DC(7) is super clingy and will often be bestfriends with anyone that shows her attention or treats her ie granny is her best friend because she routinely buys her over priced magazines in the supermarket and sparkly hair accessories/nail varnishes etc.
Again how do I say to someone don't be too nice to my daughter I don't want you to be her favourite, without sounding like a cow.
The letter came across as very teacherly (which given she is one) does make me a little concerned ExH will defer to her when jt comes to things like homework or how to deal with children. I say that not because he is useless or doesn't want to parent but I suppose it may just be a natural thing.

Eugh I'm going to have to meet her I feel, as I can't see how any of this will read well in a letter. She did suggest we meet just the two of us and then do a handover at the park or an activity where all three adults are present.. 🙄

Just all feels so soon but then if they have been chatting for well over a year and then dating I don't suppose it does feel soon for them.

Can I ask what would be people's do and don't with their ExH gf with kids age 3 &7

I think you need to separate what you don’t want her to do because of your own feelings, and what you don’t want her to do at this point because it is in your children’s best interests.

It is reasonable, at this point, to say you don’t want her to be involved in things like personal care (dressing/ undressing, using the toilet etc) and things like bedsharing, these are safeguards for your children and reasonable things not to want somebody who may not be a permanent fixture to be involved in.

It is not reasonable to say don’t be too nice to your DD in case she becomes a ‘favourite’ as it sounds like that is more about your own feelings of jealousy and not because it won’t be in your DD’s interests. Obviously she shouldn’t be spoiling the DC with expensive gifts but you can’t micromanage the relationship she develops with your DC, if it’s in your DD’s nature to be ‘best friends’ with new adults then I think that’s just something you have to ride out. Obviously as an adult you must be aware she won’t actually see this woman as a best friend and that you will still always be her mum. I also don’t see why you wouldn’t want her to do things like help with homework, if she’s a teacher and has knowledge around subjects that can help your DC then surely something like that would only be helpful to them.
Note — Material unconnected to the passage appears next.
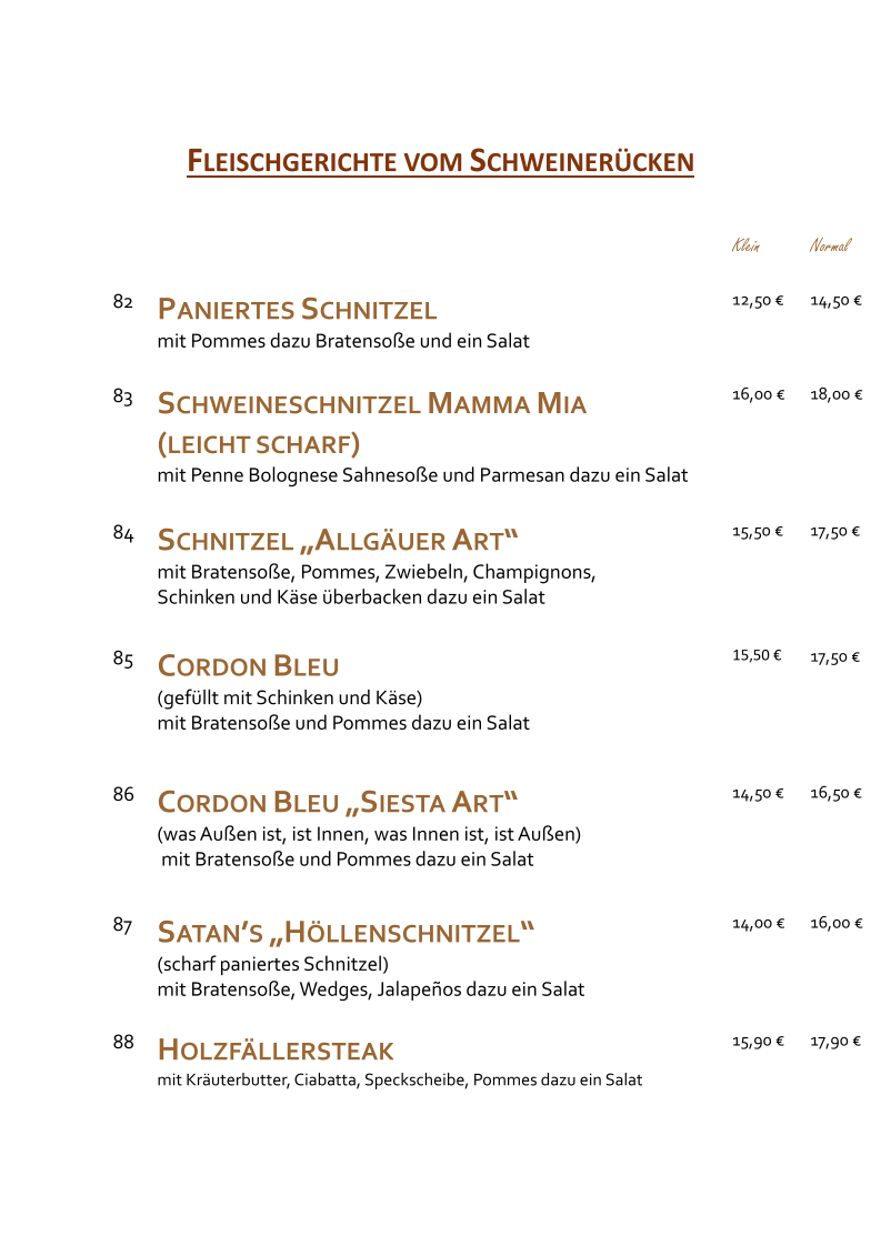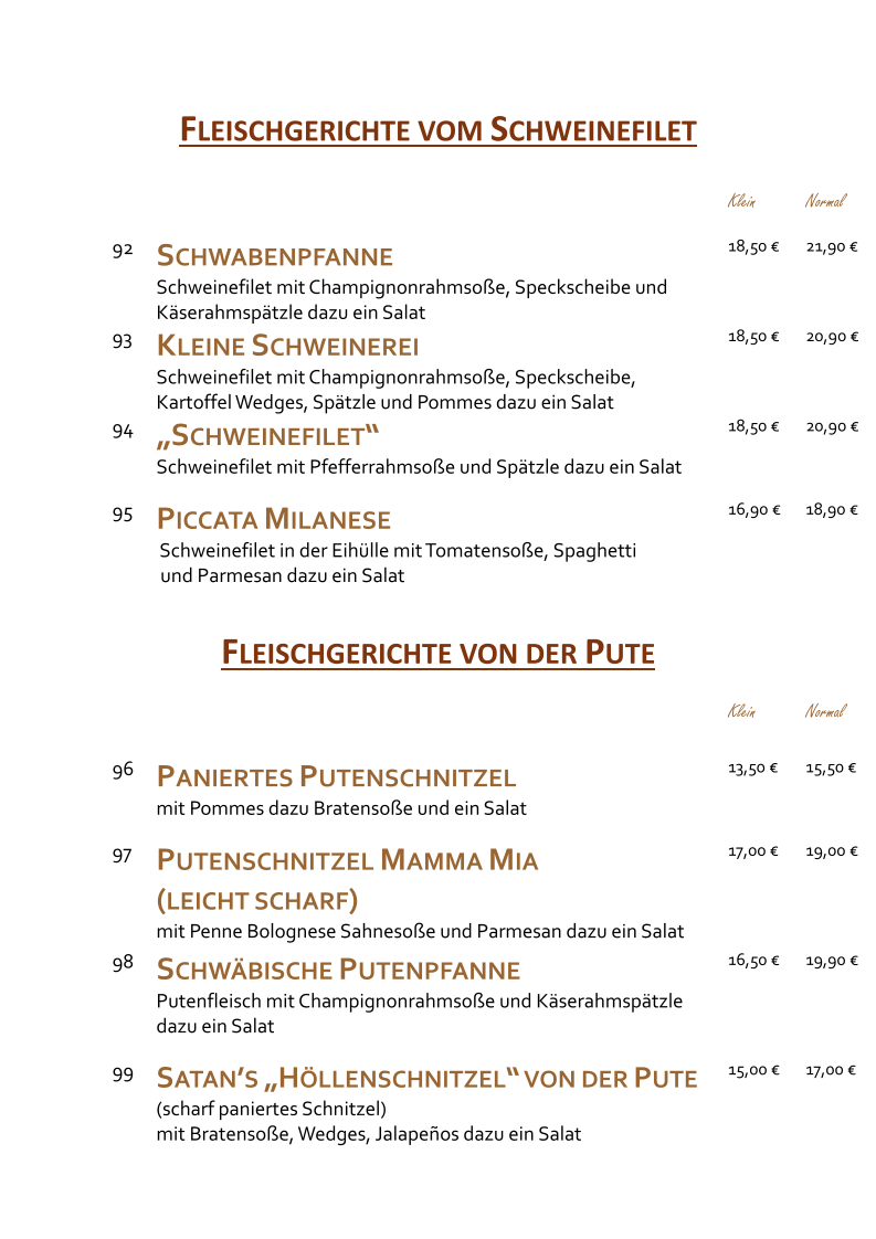 Café -Restaurant Siesta in Villingen-Schwenningen offers a vibrant Mediterranean menu that promises both comfort and flavor. The starters like the Pizzabrot Bruschetta burst with fresh tomatoes, basil, garlic, and olive oil—simple yet delicious. For poultry lovers, the range of turkey dishes is impressive: from the classic panierte Putenschnitzel served with fries and salad to the more adventurous Putenschnitzel Mamma Mia, featuring a spicy penne Bolognese cream sauce topped with Parmesan. The Schwäbische Putenpfanne combines tender turkey with mushroom cream sauce and cheesy Spätzle, showcasing authentic regional flavors. Weekend specials like the Zigeunersteak from pork or turkey add local charm. Reviews highlight the generous portions, appealing presentation, and welcoming service, making Siesta a place where Mediterranean culinary tradition meets a cozy atmosphere. Each dish feels thoughtfully crafted, inviting diners to savor both bold and subtle tastes in every bite. This spot is a true gem for anyone seeking quality and warmth in their dining experience.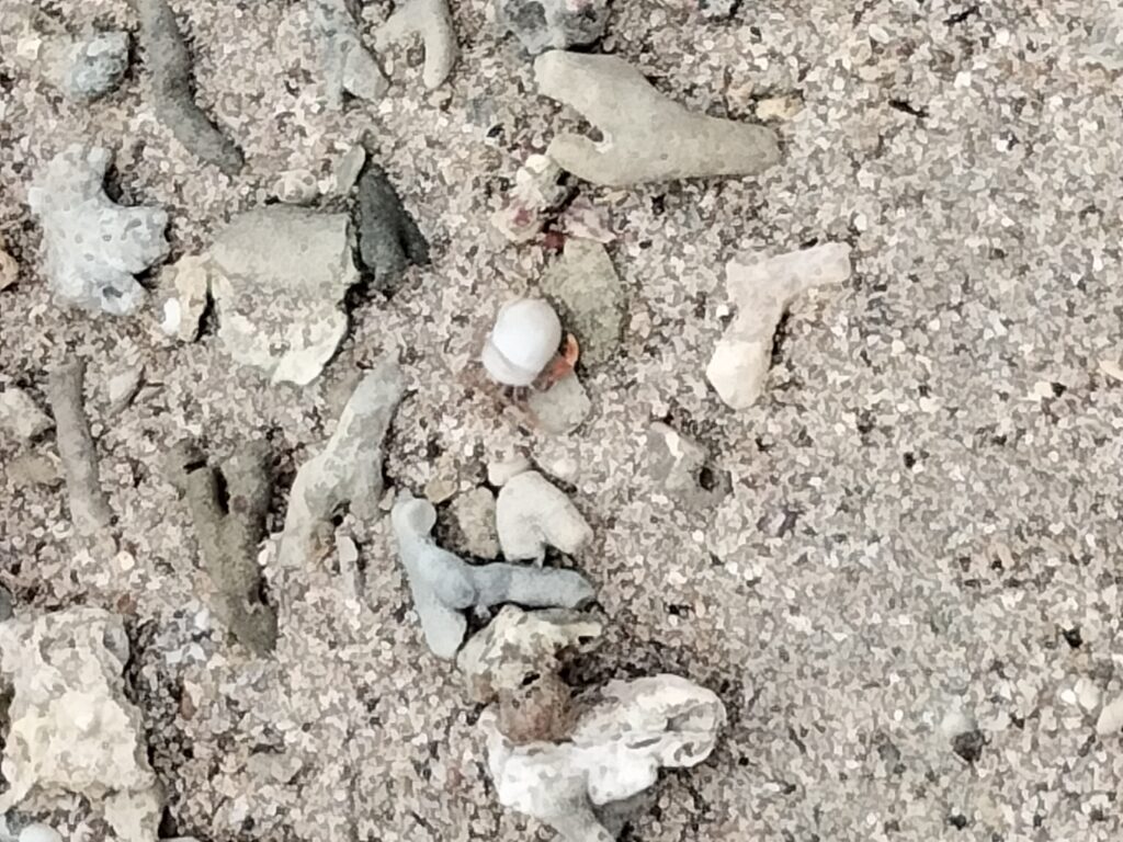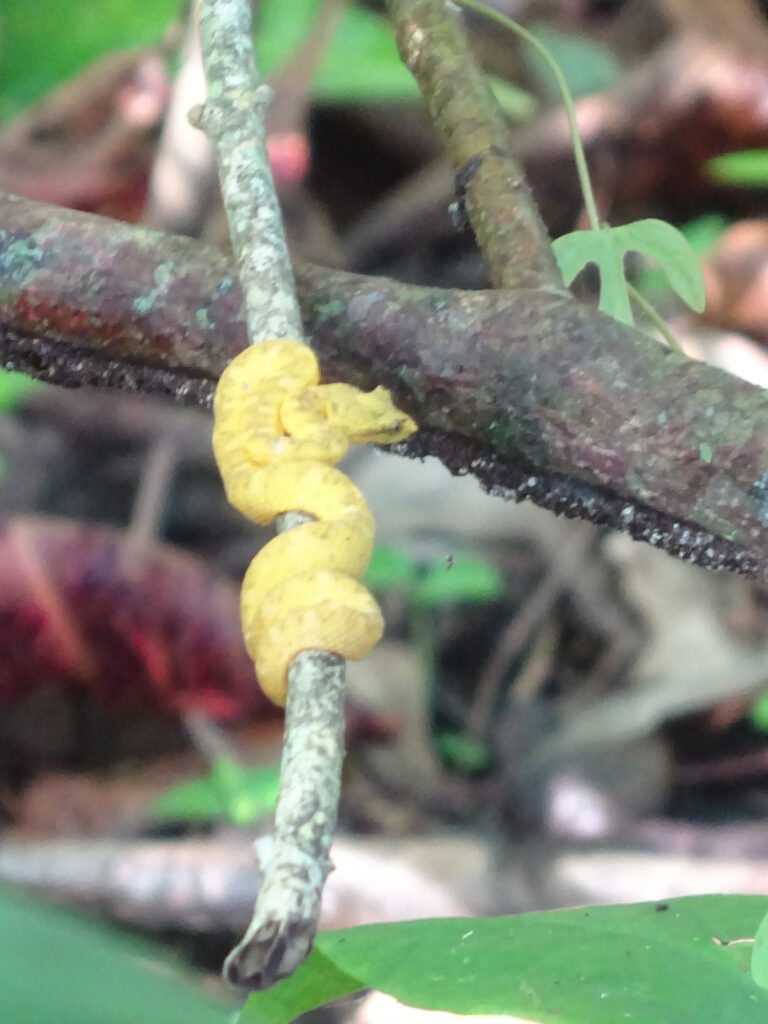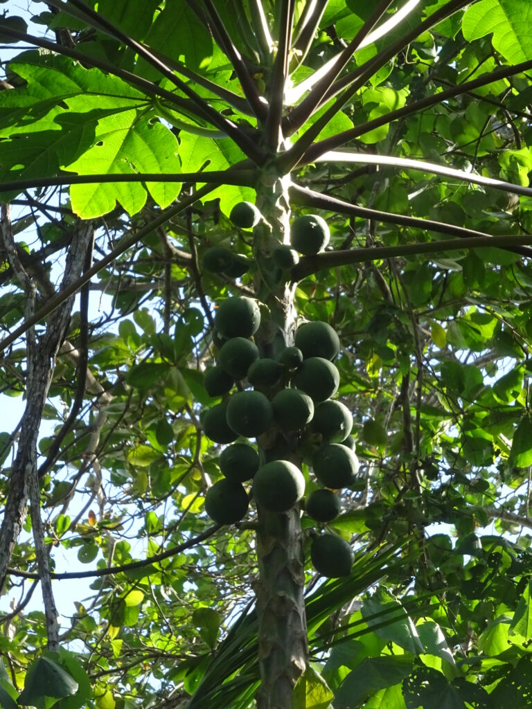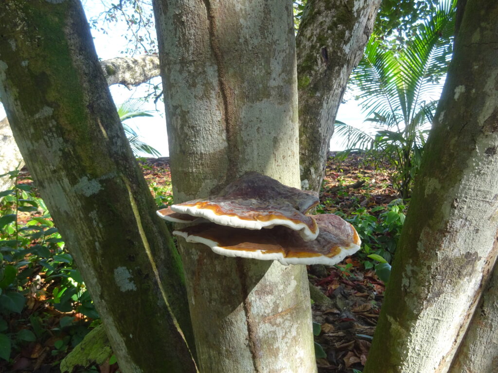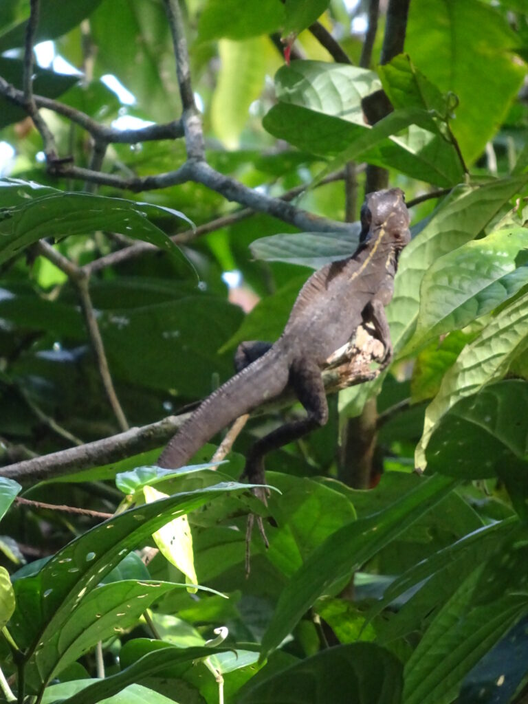 Nach diesem Fiasko bin ich allein weiter. Einige andere geübte Waldtouristen fanden z.B. eine weitere Schlange, wovon ich profitierte. Doch auch die wollten keinen größeren Anhang und ich wollte mich etwas schneller bewegen, um meinen Rücken wieder etwas zu entlasten. Also ging ich zügig bis zum Wendepunkt, an dem ein Korallenriff vorgelagert ist. Da aber auch das Wetter zu dieser Zeit eher trübe war und ich so ganz ohne Frühstück Hunger hatte, machte ich mich auf den Rückweg. Gegen späten Vormittag gab es dann wieder einen Guanabanasaft mit einem vegetarischen Wrap und etwas Latein. 😉

Obviously you don’t want her doing things like that from day one, I think it’s reasonable to say you want them to take things slow and for her not to be around overnight or in early mornings, evenings etc when it’s family time at the moment whilst the relationship is still new and without commitment, but if the relationship between ex and the new gf was to become serious and committed then these are reasonable things for a step-parent to do and saying no to these things sounds like it’s about your feelings of jealousy and not about what is best for the children.

LoudSnoringDog · 01/10/2023 14:16

YABU

she’s being incredibly respectful and making it clear she knows her role in your kids lives and wants your guidance to ensure she doesn’t step over any toes or boundaries.